(Records drawn from a dataset)
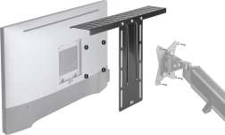 Praktična polica koja se pričvršćuje izravno na monitor ili putem montaže kompatibilne sa standardom VESA 100x100 mm. Pruža fleksibilnost za precizno postavljanje vaših komponenti zahvaljujući mogućnosti podešavanja visine i montaže police u različitim smjerovima za individualne potrebe.
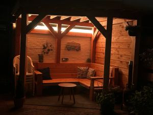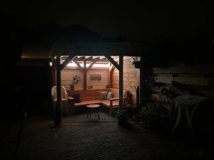 Geeft ook veel licht, bovenin de overkapping verlicht ie de halve tuin.
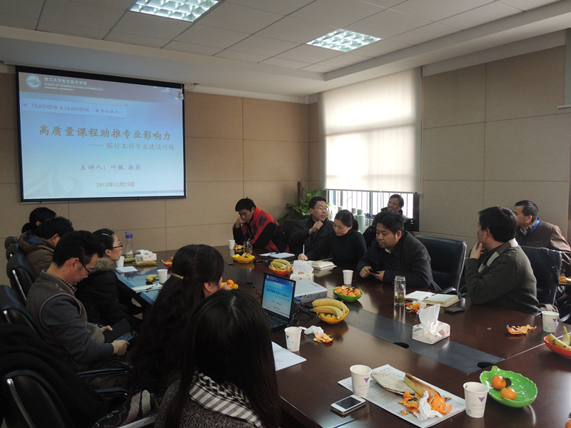 2013年12月25日中午,航空航天学院“教与学”系列教学论坛在玉泉校区第五教学楼326会议室首次举行。论坛以主题发言和自由讨论相结合的形式进行,首次论坛邀请了工程力学系叶敏教授作题为“高质量课程助推专业影响力——探讨本科专业建设问题”的主题发言,全院30余名一线教师参加了本次交流。
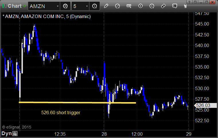 From the Messenger/Tradesight_st Twitter Feed, AMZN triggered short (with market support) and worked:
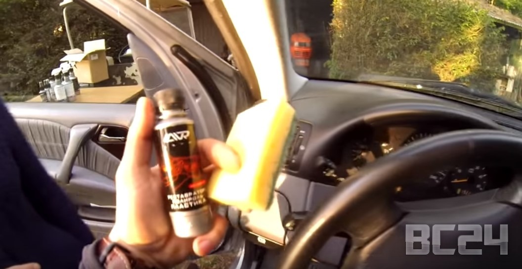 На начала испробуем реставратор полироль пластика. Его нельзя использовать на педалях и руле. Наносить нужно на очищенную панель.
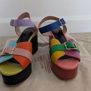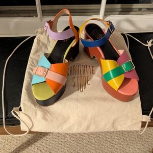 Charlotte Stone, Iconic "Rafi" Multicolor Strappy Platform Sandals
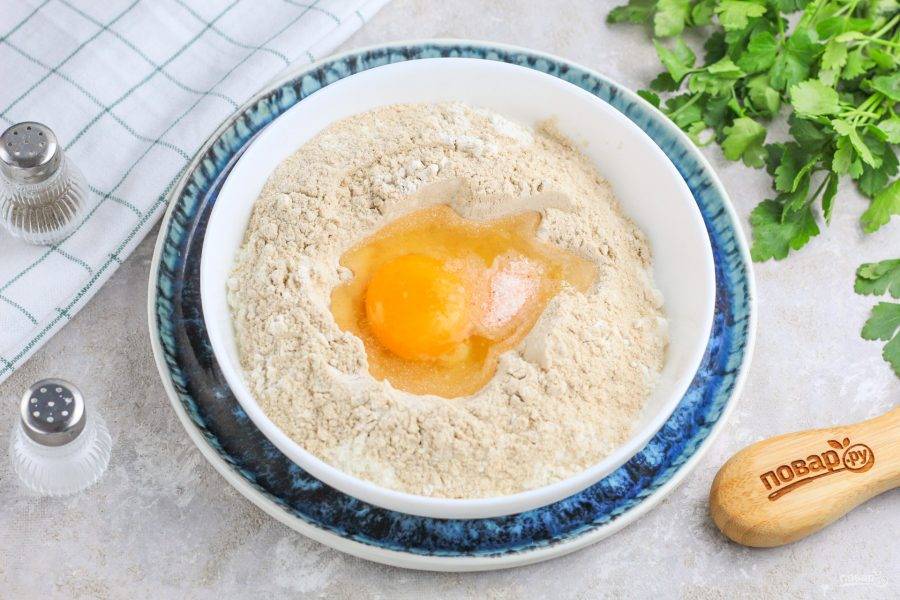 Соедините гречневую и пшеничную муку и треть массы оставьте на раскатку. Остальную массу высыпьте в глубокую емкость и сделайте в ней углубление. Всыпьте туда соль и вбейте куриное яйцо.
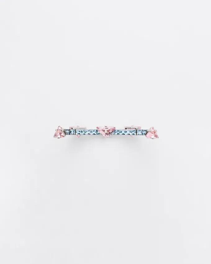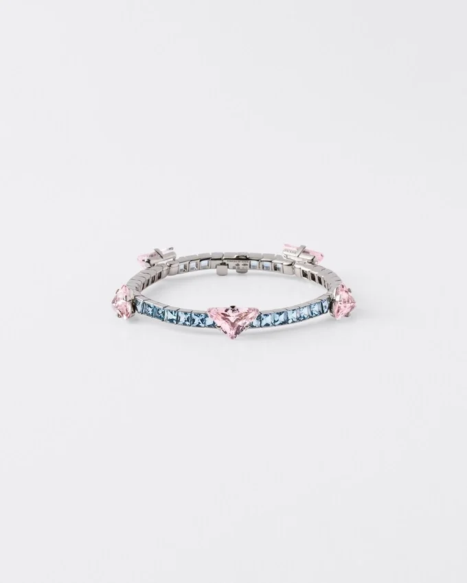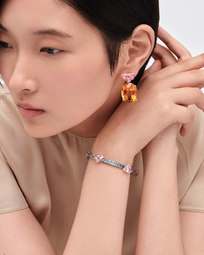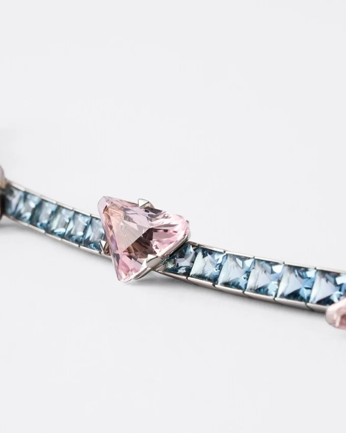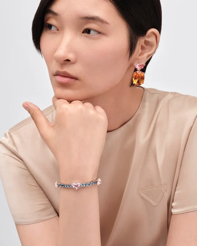 Prada ファインジュエリー「クーレール・ヴィヴァンテ」コレクションは、鮮やかな色彩、彫刻的なライン、そしてコントラストを探求しています。この探求は、クラシックなジュエリーの再発見に反映されており、それがこのホワイトゴールドのブレスレットのデザインにインスピレーションを与えています。ここでは、アクアマリンが、Prada特有のカットによって引き立てられたピンクモルガナイトの輝きと出会います。
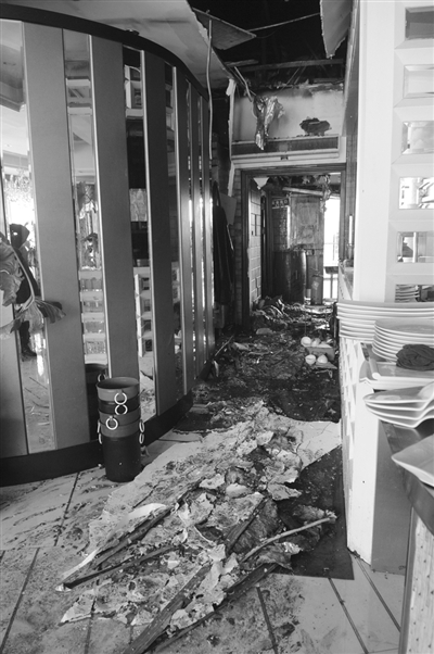 昨天中午,记者来到现场时,火势虽然已被控制,但餐厅里还是充满了呛鼻的烟味,餐桌上落满烟灰。顺着飘来的烟雾,记者找到了厨房,餐厅厨房此时已是一片狼藉,天花板已经被水冲塌,地上到处是水迹和杂物,厨房过道外边就是连接着的烟囱,员工正在那清理。
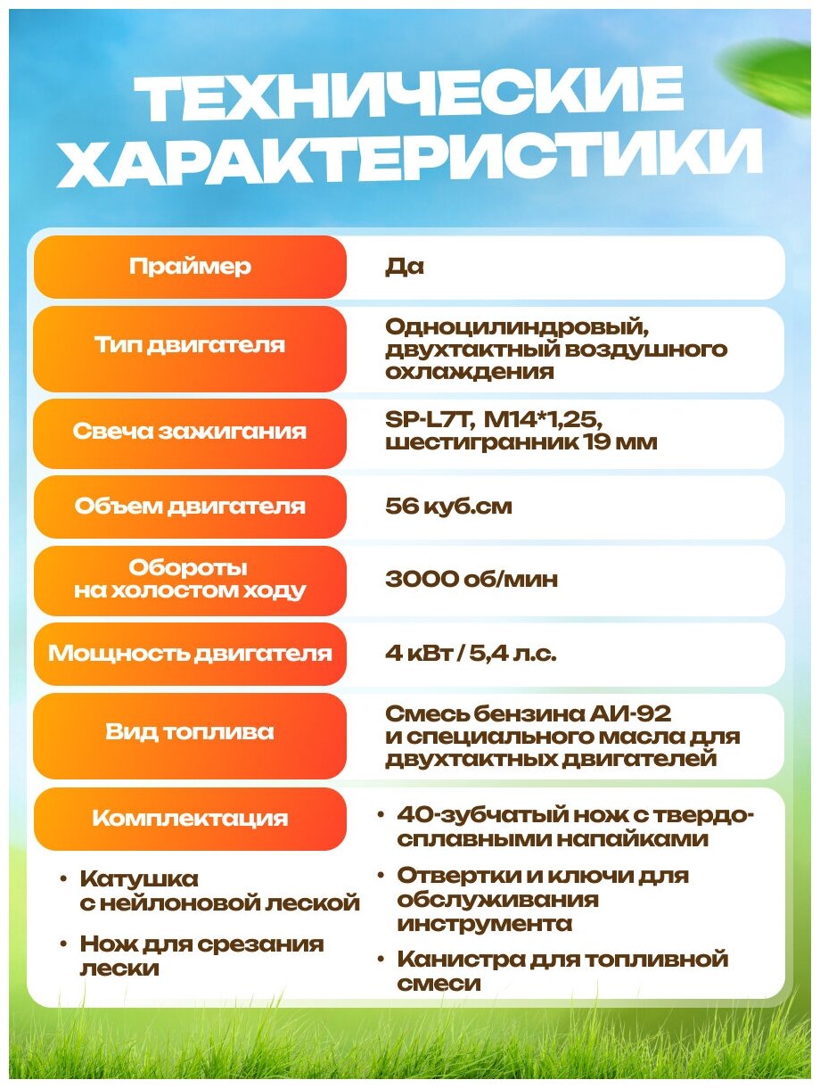| Минусы: | Свечи летят быстро, закупайте сразу с запасом. Родная экипировка очень не удобная, все время с плеч все слетает. Купили другую. Расход бензина больше, чем рассчитвали, но у нас такие заросли, что может потом и меньше будет |
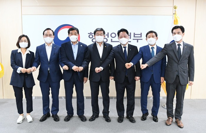 | ▲ 사진 왼쪽으로부터 은수미 성남시장, 박상돈 천안시장, 윤화섭 안산시장, 전해철 행정안전부장관, 장덕천 부천시장, 허성곤 김해시장, 서철모 화성시장.(사진=안산시) |
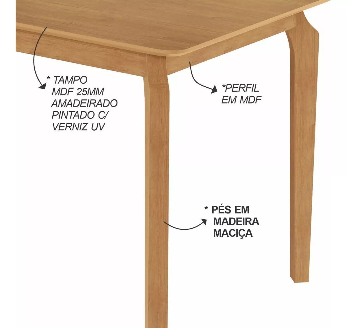 Mesa de Jantar Bellagio 108×68 Freijó Tampo Off 4 Cadeiras Clara Assento Savana – Poliman
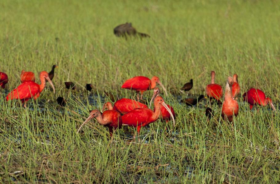 Pomalu, krok za krokem se plížíme bažinou směrem k hejnu asi třiceti rudých ibisů, v jehož středu zářivě svítí bělostný šat dvou ibisů bílých (Eudocimus albus), kteří se k hejnu připojili již včera. Během dvou či tří hodin jsme se dostali až na dvacet metrů k ptákům, kteří zcela nenuceně loví v husté podmáčené trávě. Nevěnují sebemenší pozornost ani impozantní černě zbarvené káni velké (Buteogallus urubitinga), která právě usedla na suchou větev stromu přímo nad hejnem.
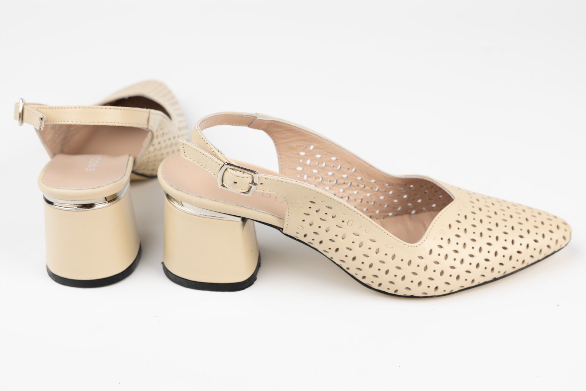 Pantofi LSD de dama decupați din piele naturala cu toc rotunjit de 6 cm inaltime. Pielea este foarte moale si ofera maximum de confort la purtare indelungata, talpa este usoara, iar pe interior deține un branț din piele, având un calapod lat XL special pentru picioare late sau cu mont. Greutatea unui singur picior este de 250 grame. Mărimi de la 36 pana la 40.
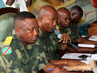 | Les juges militaires membres de la Cour militaire ce 9/05/2011 à Kinshasa, lors du procès Chebeya à la prison centrale de Makala. Radio Okapi/ Ph. John Bompengo |
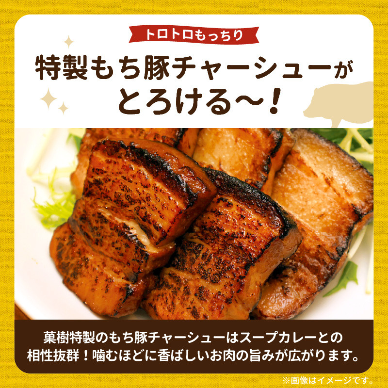 野菜がたっぷり入った農園野菜スープカレーに、菓樹特製のトロトロもっちりなもち豚チャーシューをトッピングしたスープカレーです。
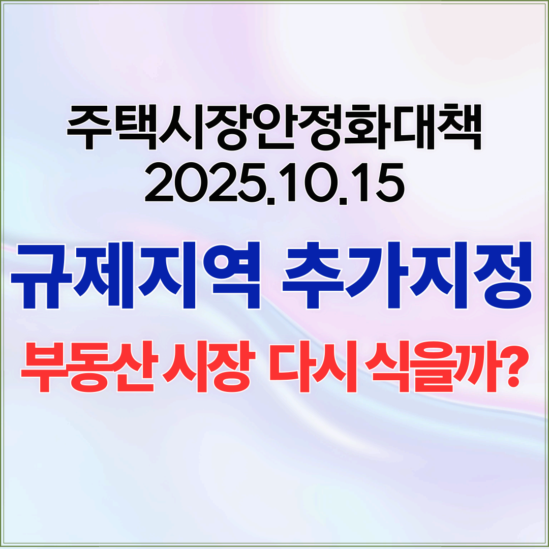 2025년 10월 15일 정부는 서울・경기 남부 일부 지역의 주택가격 급등, 과열 양상 우려에 대한 조치로 "주택시장 안정화 대책" 발표.금리인하 기조와 풍부한 유동성으로 상승압력 가시화되어 주거 안정 대책 필요서울 전역, 경기 일부 조정대상지역, 투기과열지구, 토지거래허가구역 등 규제지역 지정주담대 및 소유권 이전 조건부 전세대출 금지 등 대출 ・ 단속 강화 「 대출은 더 조이고, 거래는 더 까다롭게! '1015 부동산 대책은 '투기 수요 차단•시장 속도 조절' 」 목차규제지역은 어디?규제지역에서는 무엇이 달라지나?규제지역 유형 알아보기시장반응과 시각 규제지역은 어디? 지난 6.27 대책 발표 후 규제지역인 강남, 서초, 송파, 용산의 상승세는 축소되었으나 이미 퍼진 상승세의 온기는 규제지..
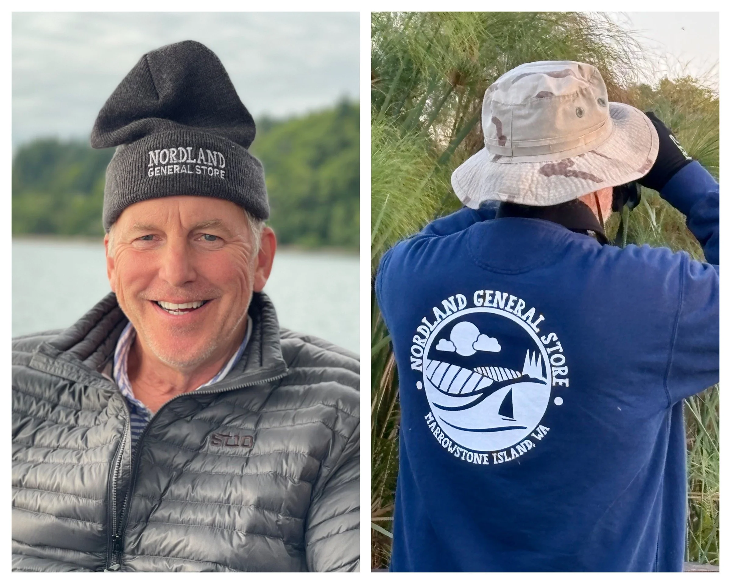 Peter modeled his NGS beanie while boating in Dabob Bay and George of the Jungle sported his NGS crewneck sweatshirt while hunting for black mamba snakes in Botswana.

* [WHAT YOU ARE ASKED TO DO] Although the records above contain pictures, the copy should not; retype exactly the lines from the one containing "Соедините гречневую и" through the one containing "Mesa de Jantar".

* [YOUR SOLUTION]
 Соедините гречневую и пшеничную муку и треть массы оставьте на раскатку. Остальную массу высыпьте в глубокую емкость и сделайте в ней углубление. Всыпьте туда соль и вбейте куриное яйцо.
 Prada ファインジュエリー「クーレール・ヴィヴァンテ」コレクションは、鮮やかな色彩、彫刻的なライン、そしてコントラストを探求しています。この探求は、クラシックなジュエリーの再発見に反映されており、それがこのホワイトゴールドのブレスレットのデザインにインスピレーションを与えています。ここでは、アクアマリンが、Prada特有のカットによって引き立てられたピンクモルガナイトの輝きと出会います。
 昨天中午,记者来到现场时,火势虽然已被控制,但餐厅里还是充满了呛鼻的烟味,餐桌上落满烟灰。顺着飘来的烟雾,记者找到了厨房,餐厅厨房此时已是一片狼藉,天花板已经被水冲塌,地上到处是水迹和杂物,厨房过道外边就是连接着的烟囱,员工正在那清理。
| Минусы: | Свечи летят быстро, закупайте сразу с запасом. Родная экипировка очень не удобная, все время с плеч все слетает. Купили другую. Расход бензина больше, чем рассчитвали, но у нас такие заросли, что может потом и меньше будет |
 | ▲ 사진 왼쪽으로부터 은수미 성남시장, 박상돈 천안시장, 윤화섭 안산시장, 전해철 행정안전부장관, 장덕천 부천시장, 허성곤 김해시장, 서철모 화성시장.(사진=안산시) |
 Mesa de Jantar Bellagio 108×68 Freijó Tampo Off 4 Cadeiras Clara Assento Savana – Poliman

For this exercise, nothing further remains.